Developer | IBM |
---|---|
Manufacturer | IBM |
Type | Microcomputer |
Release date | June 1980[1] |
Introductory price | US$7,895 (equivalent to $29,200 in 2023) Leased for US$275 (equivalent to $1,020 in 2023) a month |
Operating system | Textpack |
CPU | Intel 8086 @ 5 MHz |
Memory | 128 KB – 448 KB |
Display | 25-line (640x400) 66-line (800x1056) |
Related | IBM System/23 Datamaster |
The IBM 6580 Displaywriter System is a 16-bit microcomputer that was marketed and sold by IBM's Office Products Division primarily as a word processor.
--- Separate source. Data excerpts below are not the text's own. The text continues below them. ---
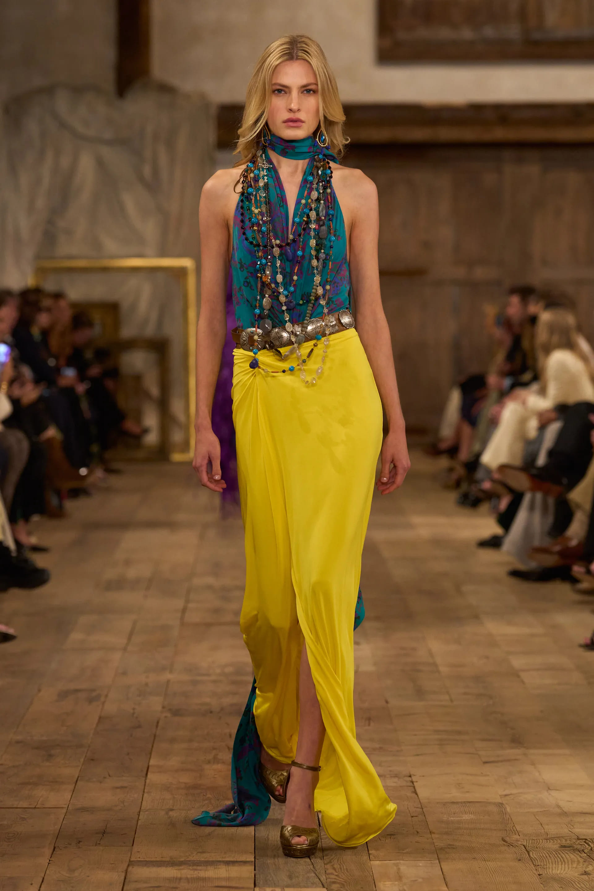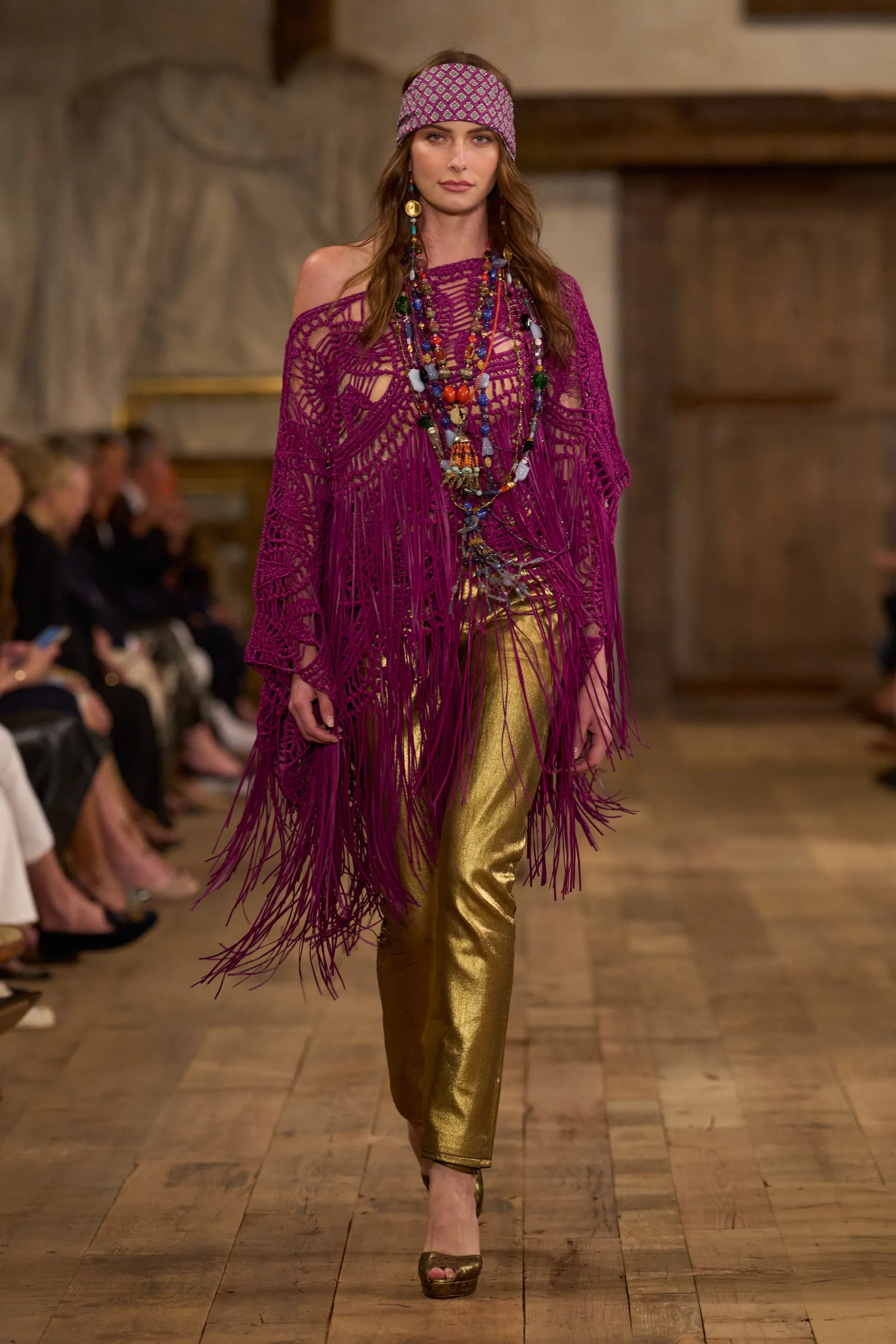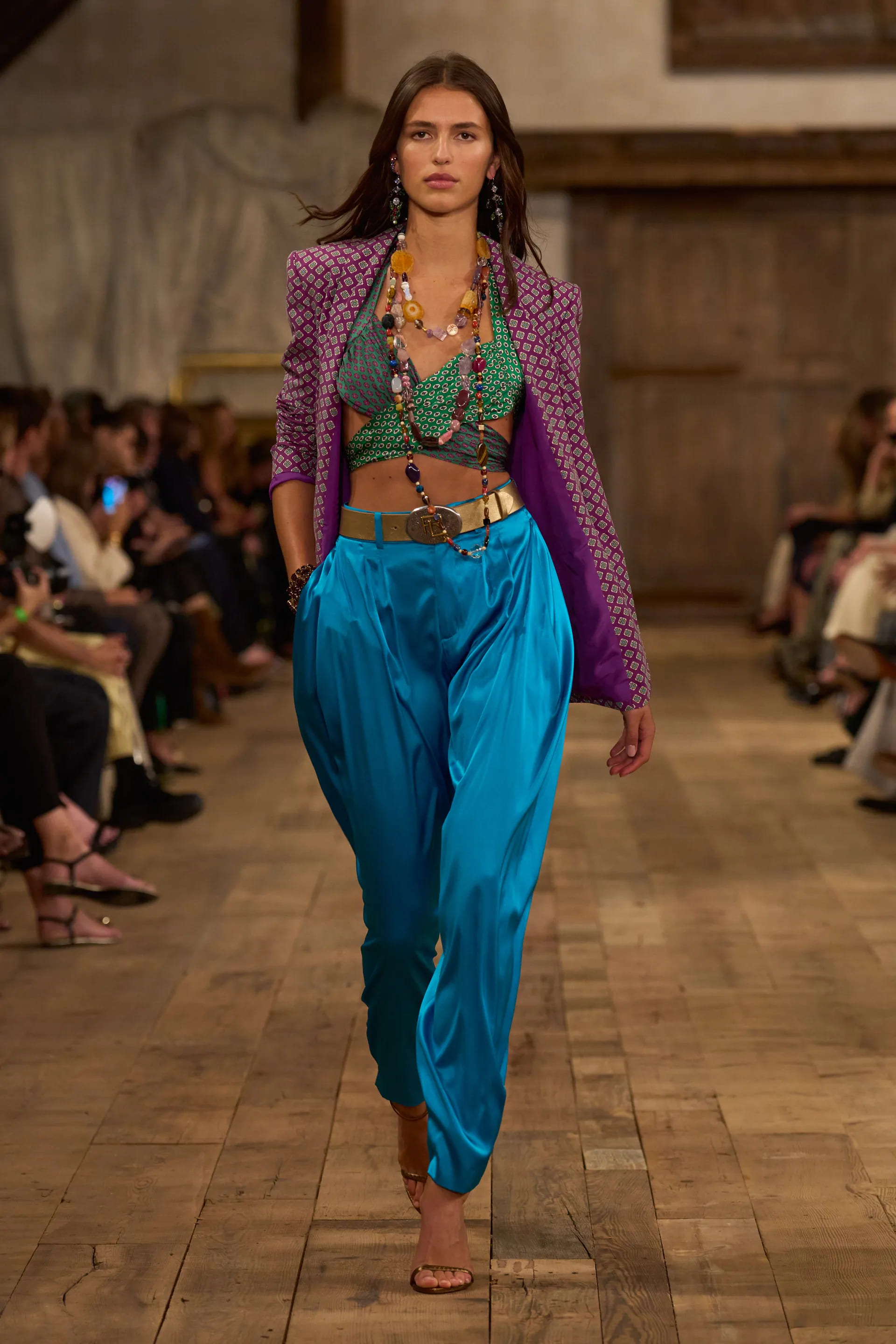 В останній секції шоу – уніформа музичного фестивалю «Коачелла» у напівкутюрній інтепритації. Дизайнер сміливо експериментує з кольорами, пропонуючи фешионістам яскраві поєднання. Насичено-фіолетовий, моркв’яний, відтінок синьої гавані та пурпуний – лише скромний перелік палітри, представленої на показі Lauren весна – 2024.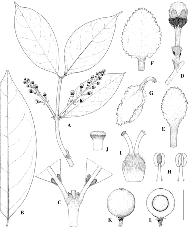 Bunchosia andina. A. Branch with inflorescences in bud. B. Large leaf, abaxial view. C. Node with base of leaves, abaxial view, showing stipules and glands. D. Flower bud. E. Posterior petal, adaxial view. F. Posterior-lateral petal, adaxial view. G. Anterior-lateral petal, lateral view. H. Stamens, abaxial view (left) and adaxial view (right). I. Gynoecium. J. Apex of style. K. Intact fruit. L. Fruit in longitudinal section to show thick flesh and one large seed. Scale bar equivalents: A, B, 4 cm; C, 4 mm; D, 8 mm; E–H, 4 mm; I, 2 mm; J, 1 mm; K, L, 4 cm. Based on: A, C–J, Holmgren 401 (S); B, Cuatrecasas 21949 (F); K, García-Barriga 17606 (AAU); L, Cerón et al. 923 (MO). Drawn by Karin Douthit. First published in Edinb. J. Bot. 77: 496. 2020; reproduced with permission of the author.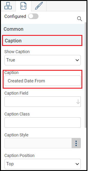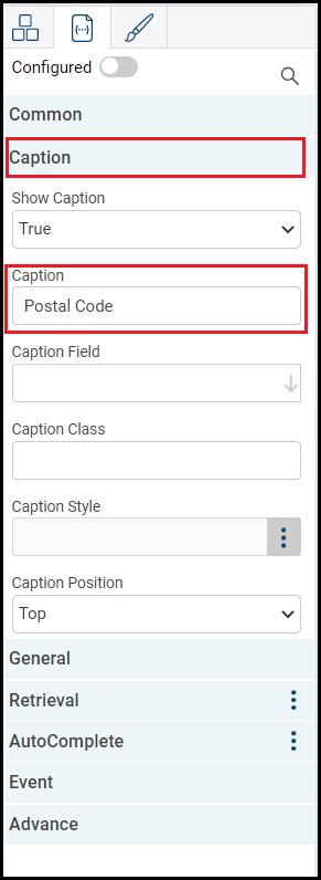 If the control is a field, at minimum, enter its Query Field and Caption. The Query Field binds the control to the table column. The Caption names the field for the user.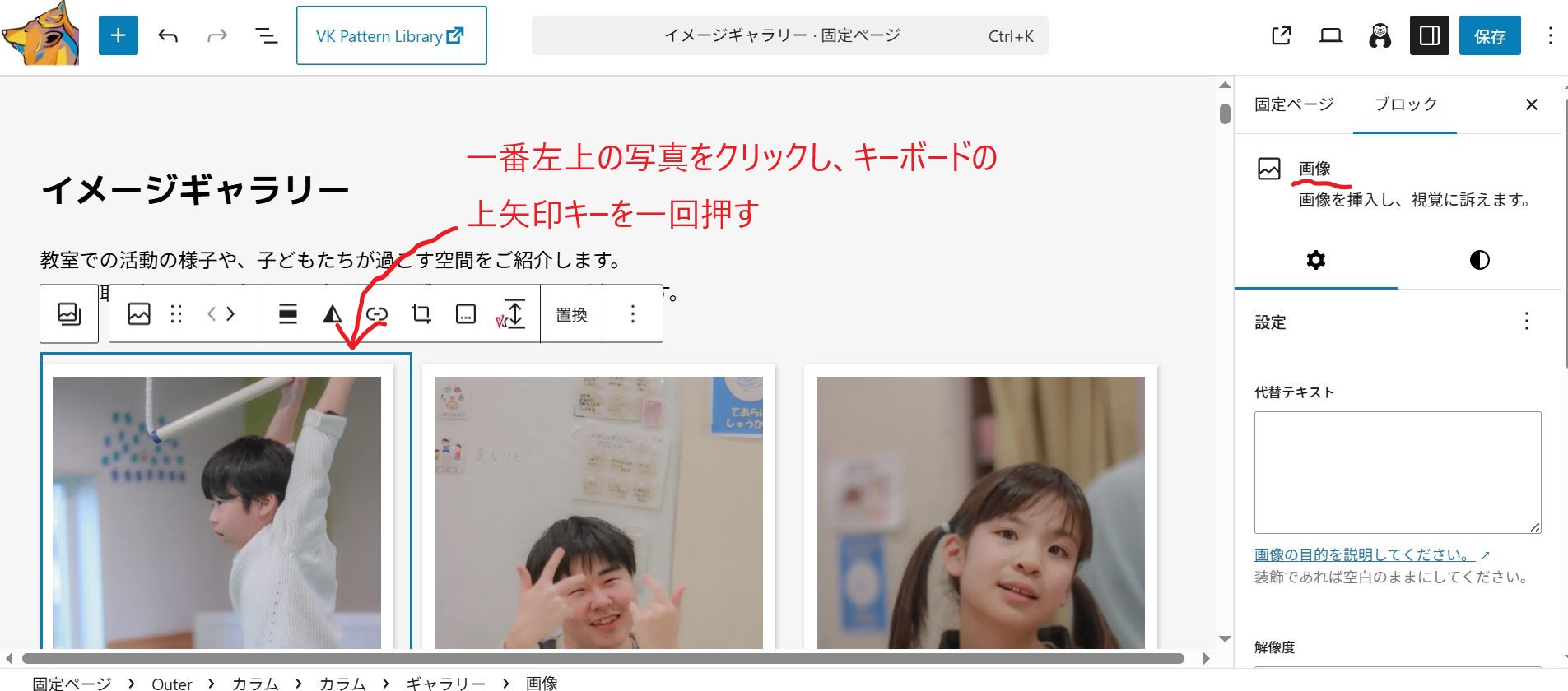編集画面にはいりましたら、ギャラリーが並んでいる一番左上の写真をクリックしてください。
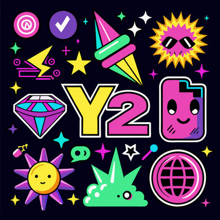 Retro Rave Star Symbols with Acidic Vibe and Groovy Patterns
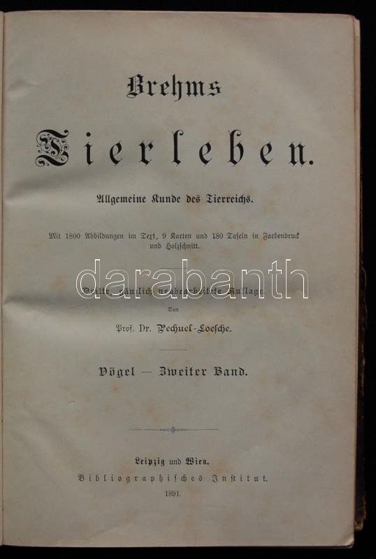 Brehms, Alfred E.: Tierleben. 2. Band. Vögel. / Madarak. Leipzig und W... https://www.darabanth.com/hu/182-Gyorsarveres/182.0/Festmeny-mutargy-papirregiseg-egyeb/Konyvek-Tudomany~400043/Brehms-Alfred-E-Tierleben-2-Band-Vogel-Madarak-Leipzig-und-Wien-1891-710p-felbor-kot~II539860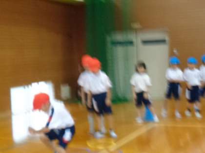 今日の体育では、ぴょんぴょんコース(ミニハードル)、ぐねぐねコース(長縄)、けんけんぱコース、横跳びコースをぐるぐると回っていろんな走り方で走りました。子供たちはとても楽しそうでした。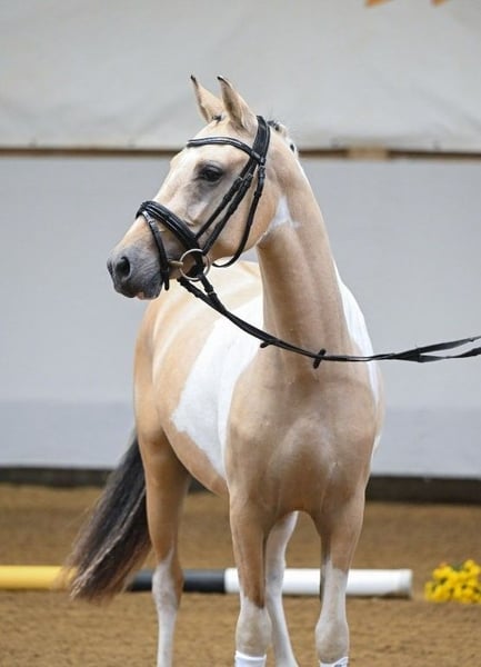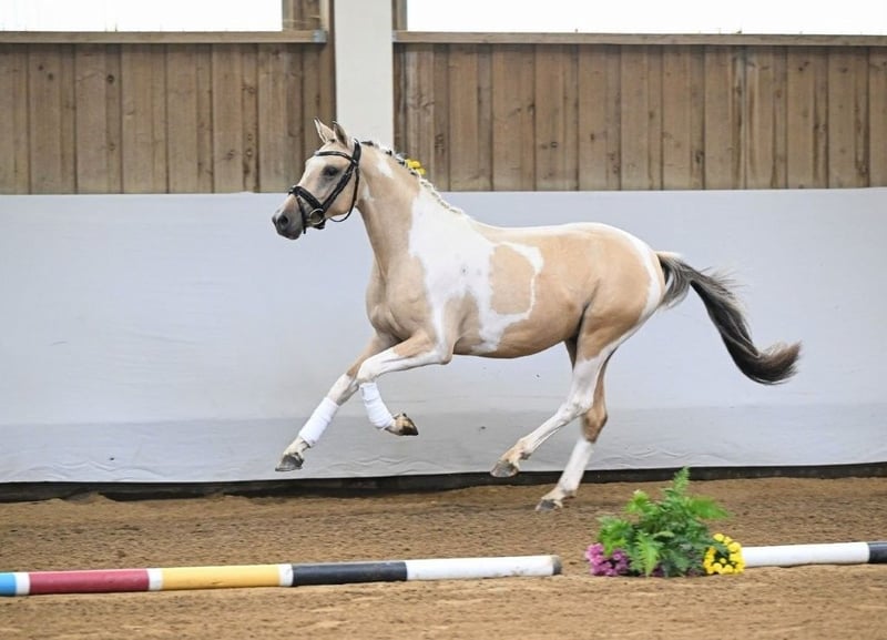 **Sales Advertisement: German Riding Pony Stallion** For sale is a promising German Riding Pony stallion, born in 2023, with a current height of 142 cm. His color is officially: Earthy Isabel Sabino. Not available for selection. This stallion is characterized by his friendly nature and willingness to learn. He is well suited for dressage and already shows promising potential in free jumping. He is lunged, fully vetted, including back X-rayed. "Zwerg" (his nickname) is well socialized (grew up in a stallion herd) and has an impeccable character. If you are interested or need further information, please feel free to contact me. Visit us and see for yourself this wonderful pony.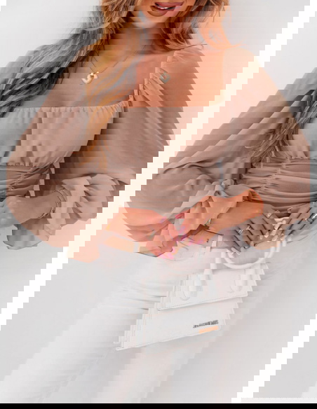 Szyfonowa bluzka typu hiszpanka Kaycee - mocha mousse

Announced on June 17, 1980[1][2] and effectively withdrawn from marketing on July 2, 1986,[3] the system was sold with a 5 MHz Intel 8086, 128 KB to 448 KB of RAM, a swivel-mounted monochrome CRT monitor, a detached keyboard, a detached 8" floppy disk drive enclosure with one or two drives, and a detached daisy wheel printer, or Selectric typewriter printer. The primary operating system for the Displaywriter is IBM's internally developed word processing software titled "Textpack", but UCSD p-System,[4][2] CP/M-86,[5] and MS-DOS were also offered by IBM, Digital Research, and CompuSystems, respectively.